PhD in chemical engineering with Peter Cummings, with no biology whatsoever. Studied properties of ionic liquids. Didn’t care much for FFs. Worked on classical atomistic MD (GROMACS+LAMMPS) of materials.
Software scientist with OpenFF. Working here for 6 weeks. Working on small tasks to get onboarded.
Will work on creating System object. Expecting cooperation with MosDef group/GMSO code. Will be highly interoperable with both MD engines and machine learning frameworks.

David Dotson

From St. Louis. PhD on large protein systems. Worked in healthcare industry and did devops/data engineering on the side.
Met with Daniel Smith at SciPy, heard about OpenFF.
Started at the same time as Matt, working 50% times. Working on implementing proper torsion interpolation.
Looking at accelerating performance of property calculations.

Hyesu Jang

From Korea. Now grad student with Lee Ping.
Started by making a package for RESP calculation.
Now focusing on running fits and generating new FF parameters.
Currently working with Jessica on improving valence parameters.

Jeff Wagner

From Los Angeles. First research internship at national lab modifying LAMMPS. Confused by biomolecules. Wanted to be a doctor
PhD at UCSD, worked on a mix of methods development and benchmarking, also some docking/screening.
Bothered by inaccuracy in field, disconnect between development and application.
Now maintaining/developing OpenFF toolkit, doing general organziation infrastructure stuff.

Jeff Setiadi

From Sydney, Australia. Did condensed matter physics. Went directly to PhD, looking at protein-ligand interactions.
P-L is hard, would be useful to work on lower-entropy systems.
Now working on pAPRika

Jessica Maat

From San Diego. Studied math+chem in undergrad. Now 4th year grad student with Mobley.
Have worked on a bunch of OFF work. Now looking at trivalent nitrogens. Have done experiments on assigning trivalent nitrogen parameter.
Have also made a tool to select diverse nitrogen compounds, dataset generation for FF release.

Tobias Huefner

Bachelor’s Master’s, PhD in comp chem in Germany. Focus on drug discovery, biomolecular solvation.
Now in Gilson lab. Will be working on benchmarking of docking programs (CELPP).
Looking at understanding docking performance as a function of molecular features.
Also looking at atom typing, in the context of how it can limit accuracy, and if they can be optimized using physics-based methods.

Development practices

SB – Writing code fast with Owen, we didn’t do a lot of testing. I’d do PRs and no merge without reviews, and I think that was the right way to go. Other repos, espeically data-focused ones, have a big need for a quality version history, and so we need to handle it on a case by case basis.
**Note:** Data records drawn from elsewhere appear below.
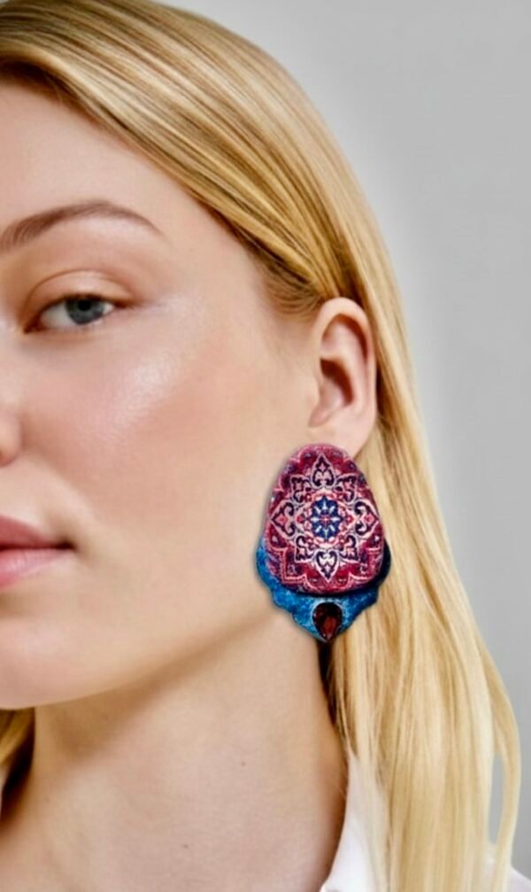 • Zivar Handmade earrings Papier-Mache with Pink Stone Earrings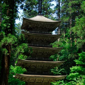 La pagoda de madera de 29 metros presenta cinco niveles cubiertos con tejas de cedro y se encuentra en un bosque al pie del Monte Haguro.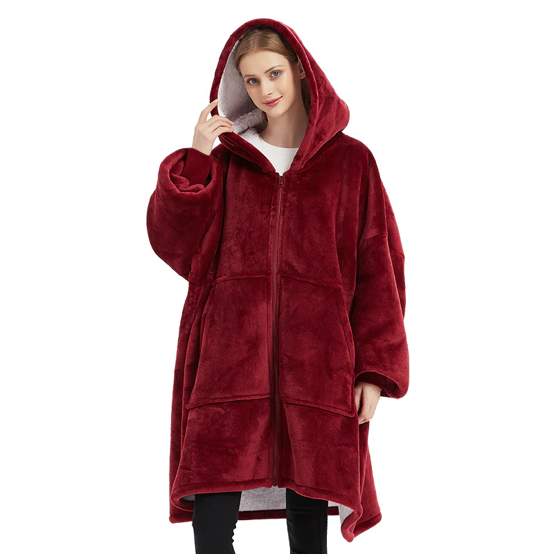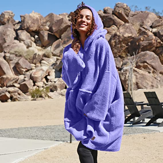Oversized Wearable Blanket Hoodie Sweatshirt, Comfortable Sherpa Lounging Pullover for Adults Women Men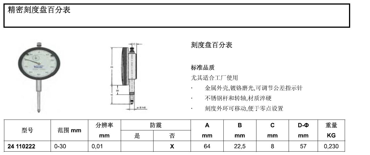 ·金属外壳·镀铭磨光·可调节公差指示针 ·不锈钢杆和转轴·材质淬硬 ·刻度外环可移动·便于零点设置

HJ – Used single jupyter notebook for generation of datasets; used PRs for QCA dataset submission.

SB - The kind of PRs we were doing for the data curation / choices etc: https://github.com/openforcefield/nistdataselection/projects/1

JW - Justification for QCA submission approach - needed a way to document and keep track of what we did, be able to evolve approach over time. Can later try and capture the best approach.

JH - Took a few rounds to figure out pattern in QCA submission. Information was all spread out. Needed to synthesize it all.

JM - May be useful to have scripts we all use. Functions that are common for generating the JSON, etc.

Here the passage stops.